= DATASET RECORDS =
★ ★ ★ ★ ★ ★ ★
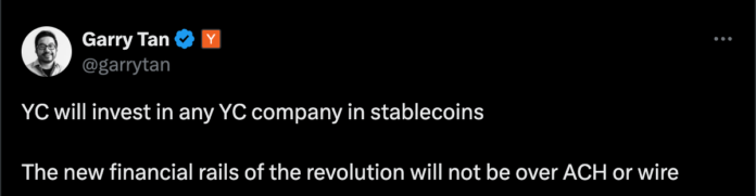 Garry Tan, CEO of Y Combinator, says the corporate will use stablecoins for extra investments.
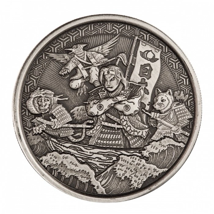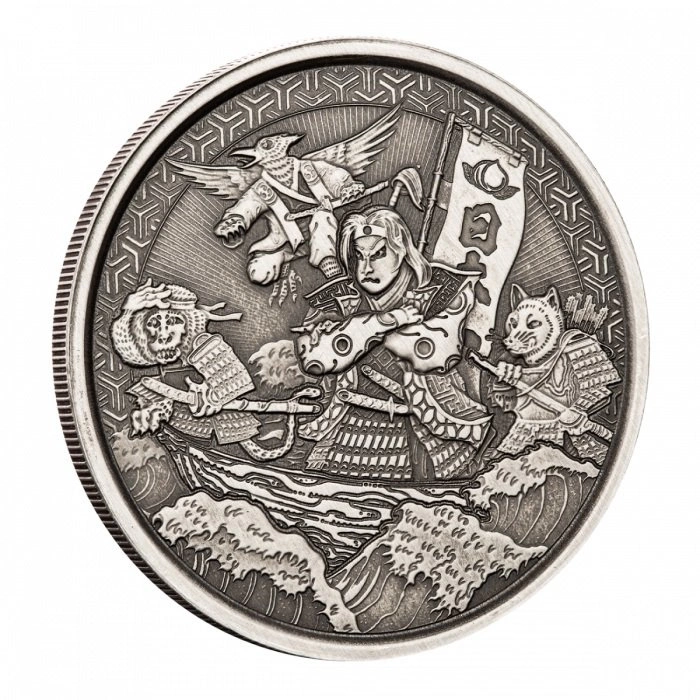 Samoa : Légendes du Japon - Momotaro sur l'île des démons dans le style ukiyo-e 1 once d'argent 2021 Pièce vieillie
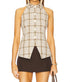 Sophisticated Dark Stone Multi plaid and check pattern. Sleeveless vest, crafted with a 98% cotton and 2% elastane blend and lined with 100% viscose, offers a medium weight textured crepe fabric perfect for spring travel and workwear. With its collared styling and front button closure, exudes effortless charm. Made in US. For care, dry clean only.
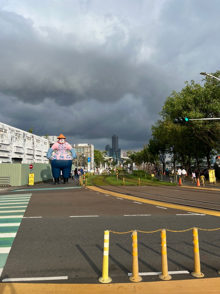 Anschließend sehen wir einen Straßenkünstler, der für kleine Kinder auftritt, einen kleinen Straßenmarkt, wo ich eine neue Sorte Bubble Tea probiere, und, überall stehen lustige Skulpturen herum, die meisten sind übergroße Maskottchen, es ist aber auch eine Art Transformer dabei.
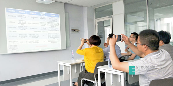 国际项目对接人张坤对工程管理(本硕连读)国际班的招生要求及特色进行介绍,得到招生办老师的特别关注。BIM工作室负责人麻文娜、绿建工作室负责人杨帆、项目咨询工作室负责人赵敏、不动产与咨询工作室负责人高蓝分别进行汇报,对工作室特色运营模式、人才培养优势、产学合作项目、助力学生发展等方面进行汇报。
★ ★ ★ ★ ★ ★ ★
= AIM OF THE TASK =
Copy every record verbatim while leaving each picture out.

= EXERCISE RESPONSE =
 Garry Tan, CEO of Y Combinator, says the corporate will use stablecoins for extra investments.
 Samoa : Légendes du Japon - Momotaro sur l'île des démons dans le style ukiyo-e 1 once d'argent 2021 Pièce vieillie
 Sophisticated Dark Stone Multi plaid and check pattern. Sleeveless vest, crafted with a 98% cotton and 2% elastane blend and lined with 100% viscose, offers a medium weight textured crepe fabric perfect for spring travel and workwear. With its collared styling and front button closure, exudes effortless charm. Made in US. For care, dry clean only.
 Anschließend sehen wir einen Straßenkünstler, der für kleine Kinder auftritt, einen kleinen Straßenmarkt, wo ich eine neue Sorte Bubble Tea probiere, und, überall stehen lustige Skulpturen herum, die meisten sind übergroße Maskottchen, es ist aber auch eine Art Transformer dabei.
 国际项目对接人张坤对工程管理(本硕连读)国际班的招生要求及特色进行介绍,得到招生办老师的特别关注。BIM工作室负责人麻文娜、绿建工作室负责人杨帆、项目咨询工作室负责人赵敏、不动产与咨询工作室负责人高蓝分别进行汇报,对工作室特色运营模式、人才培养优势、产学合作项目、助力学生发展等方面进行汇报。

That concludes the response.